Personal information
- Full name: Gemma Bonner
- Date of birth: 13 July 1991 (age 35)
- Place of birth: Leeds, England
- Height: 1.75 m (5 ft 9 in)
- Position: Centre-back

Team information
- Current team: Denver Summit
- Number: 13

Youth career
- Leeds United

Senior career*
- Years: Team / Apps / (Gls)
- 2007–2011: Leeds United / 59 / (1)
- 2011–2012: Chelsea / 28 / (2)
- 2012–2018: Liverpool / 79 / (8)
- 2018–2021: Manchester City / 39 / (5)
- 2021–2022: Racing Louisville / 33 / (1)
- 2023–2026: Liverpool / 61 / (2)
- 2026–: Denver Summit / 0 / (0)

International career^{‡}
- 2008: England U17 / 5 / (0)
- 2009–2010: England U19 / 13 / (1)
- 2010–2013: England U23 / 10 / (2)
- 2013–2019: England / 12 / (1)

= Gemma Bonner =

English footballer (born 1991)

Gemma Bonner (born 13 July 1991) is an English professional footballer who plays as a centre-back for Denver Summit FC of the National Women's Soccer League (NWSL).

Bonner began her career with her hometown club Leeds United, before spending two seasons with Chelsea. In November 2012, Bonner signed for Liverpool and captained them to two FA WSL titles in 2013 and 2014, before leaving for Manchester City in 2018. She left England to join NWSL club Racing Louisville in 2021, before rejoining Liverpool in the 2022–23 season where she is now the club's record appearance holder.

Bonner has previously represented the England national team. She made her senior debut in September 2013. She was part of England's squad for the UEFA Women's Euro 2013 but did not play in the final tournament.

==Club career==

===Leeds United===
Bonner started playing football as soon as she could run, and by the age of eight had already joined Leeds United. While at Leeds, the defender won the League Cup in 2010, and was in the runner-up team of the FA Cup in 2008.

===Chelsea===
Her versatility with both feet and strong aerial ability were the main attributes that brought Chelsea calling in January 2011, when the Blues secured her signature ahead of the Women's Super League.

She played in the first ever FA Cup Final of Chelsea, in 2012. The young defender scored her only goal of the 2011–12 FA Women's Cup in their 2–0 away win against The Belles in the 6th round, helping her side to secure their place in the semi-finals. In the penalty shoot-out of the 2012 FA Women's Cup Final, she was unable to convert her penalty into a goal. She blazed hers over the bar to hand the Cup to Birmingham.
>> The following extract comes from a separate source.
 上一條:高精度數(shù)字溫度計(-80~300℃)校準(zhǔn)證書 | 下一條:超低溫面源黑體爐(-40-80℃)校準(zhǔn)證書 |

Bonner scored her first league goal for Chelsea in the very next game after the 2012 FA Women's Cup Final, against their cup final opponents Birmingham.

===Liverpool===
In November 2012 Bonner signed for Liverpool. In doing so she linked up with her ex-Chelsea manager Matt Beard and expressed her excitement at the move: "I am delighted to be joining Liverpool at a key time in my football career and have been greatly influenced by the commitment that Liverpool FC are showing towards women's football. When the opportunity to work with Matt again came I was pleased to take it and I am excited for the challenge ahead."
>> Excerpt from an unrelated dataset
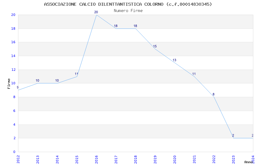 | 2016 | 20 | 2.019,00 | 100,95 | 22.622 | 1.970 | 251 | 4 |
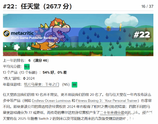 排名大跌破纪录!M站年度游戏发行商:任天堂仅排第22

With Bonner as captain Liverpool won the league title in 2013 and 2014 but were much less successful in 2015, finishing second bottom. She extended her contract with the club in November 2015.

===Manchester City===
Bonner left Liverpool in June 2018 after six years and a total of 115 appearances, to join Manchester City Women. She scored 11 goals in 69 matches with City, though her last season there was cut short by ankle and muscle injuries.

=== Racing Louisville ===
In April 2021, National Women's Soccer League team Racing Louisville FC announced signing Bonner to a two-year contract with an option for a third year. She arrived in June and started 13 matches for the expansion club through the 2021 season. Bonner was named one of four captains at Racing for 2022. She has started all four of Racing's 2022 NWSL Challenge Cup matches, scoring in her team's 3–0 win at Kansas City.

===Liverpool===
On 23 December 2022, Bonner signed with Liverpool again.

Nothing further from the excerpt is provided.